_REQUIRED ACTION:_ The listing below should be printed exactly, every line of it. Skip the pictures.

_THE DATA:_
===============

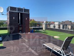 крыша панорамная, прямая, открытая с лаундж зоной с камином и искусственным газоном.
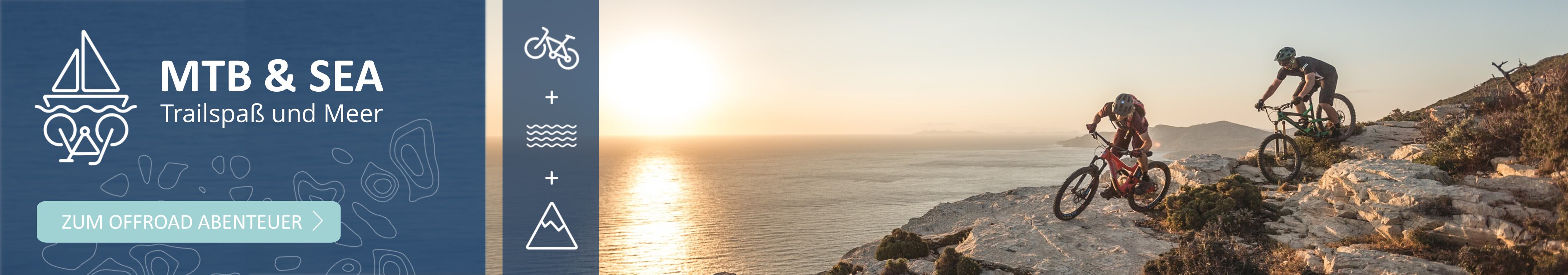 Winterblues? Der Frühling ruft! Sie haben genug von den kalten Wintertagen? Nehmen Sie mit uns Kurs auf den Frühling! Nutzen Sie unseren exklusiven Frühlingsrabatt auf ausgewählte Termine und sichern Sie sich Ihren Platz an Bord. Ob entspannte Spaziergänge durch Hafenstädtchen, Fahrradtouren durch farbenfrohe mediterrane Landschaften oder einfach das Genießen der ersten warmen Sonnenstrahlen an Deck – der Frühling hat Einiges zu bieten! Zum Frühlingsrabatt MTB & SEA Schon gewusst? Inselhüpfen gibt es auch für Offroad-Fans! Auf unseren Mountainbike-Reisen wohnen Sie an Bord eines Motorseglers, entdecken traumhafte Inseltrails, genießen Badepausen in türkisblauen Buchten und lassen die Abende bei einem Sundowner in malerischen Küstenorten ausklingen – die perfekte Mischung für einen unvergesslichen Bikeurlaub. Alle MTB-Touren
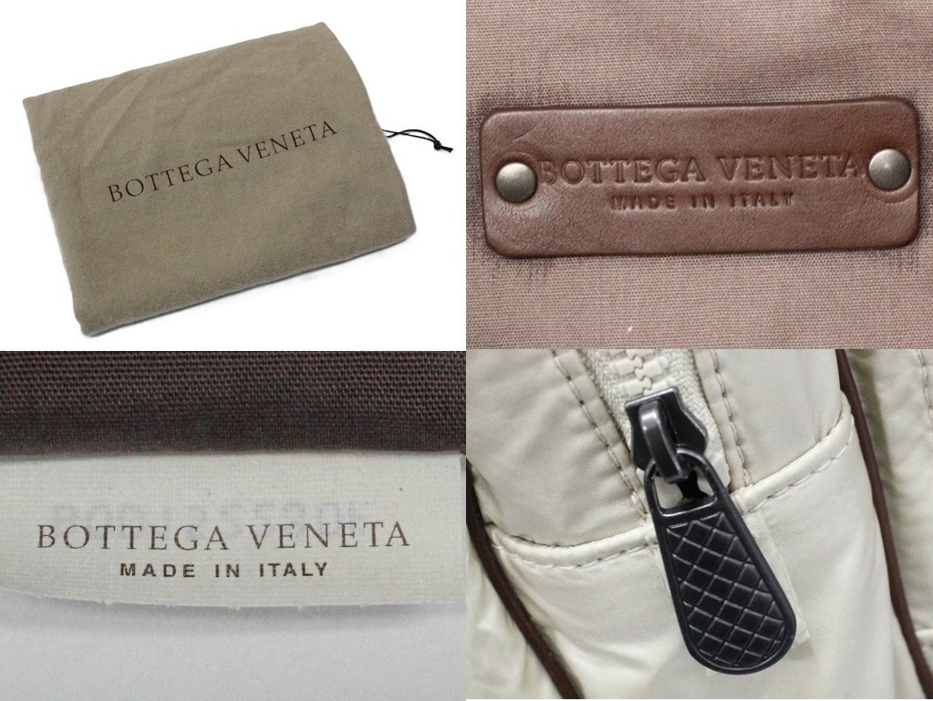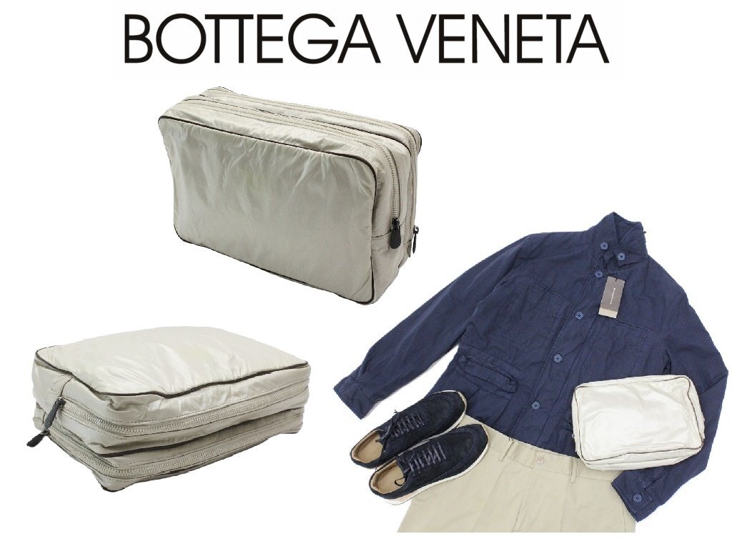 16万新品◆ボッテガヴェネタ◆撥水加工ナイロン2ジップポーチ ベージュ×ブラウン

===============

_SOLUTION TO THIS TASK:_
 крыша панорамная, прямая, открытая с лаундж зоной с камином и искусственным газоном.
 Winterblues? Der Frühling ruft! Sie haben genug von den kalten Wintertagen? Nehmen Sie mit uns Kurs auf den Frühling! Nutzen Sie unseren exklusiven Frühlingsrabatt auf ausgewählte Termine und sichern Sie sich Ihren Platz an Bord. Ob entspannte Spaziergänge durch Hafenstädtchen, Fahrradtouren durch farbenfrohe mediterrane Landschaften oder einfach das Genießen der ersten warmen Sonnenstrahlen an Deck – der Frühling hat Einiges zu bieten! Zum Frühlingsrabatt MTB & SEA Schon gewusst? Inselhüpfen gibt es auch für Offroad-Fans! Auf unseren Mountainbike-Reisen wohnen Sie an Bord eines Motorseglers, entdecken traumhafte Inseltrails, genießen Badepausen in türkisblauen Buchten und lassen die Abende bei einem Sundowner in malerischen Küstenorten ausklingen – die perfekte Mischung für einen unvergesslichen Bikeurlaub. Alle MTB-Touren
 16万新品◆ボッテガヴェネタ◆撥水加工ナイロン2ジップポーチ ベージュ×ブラウン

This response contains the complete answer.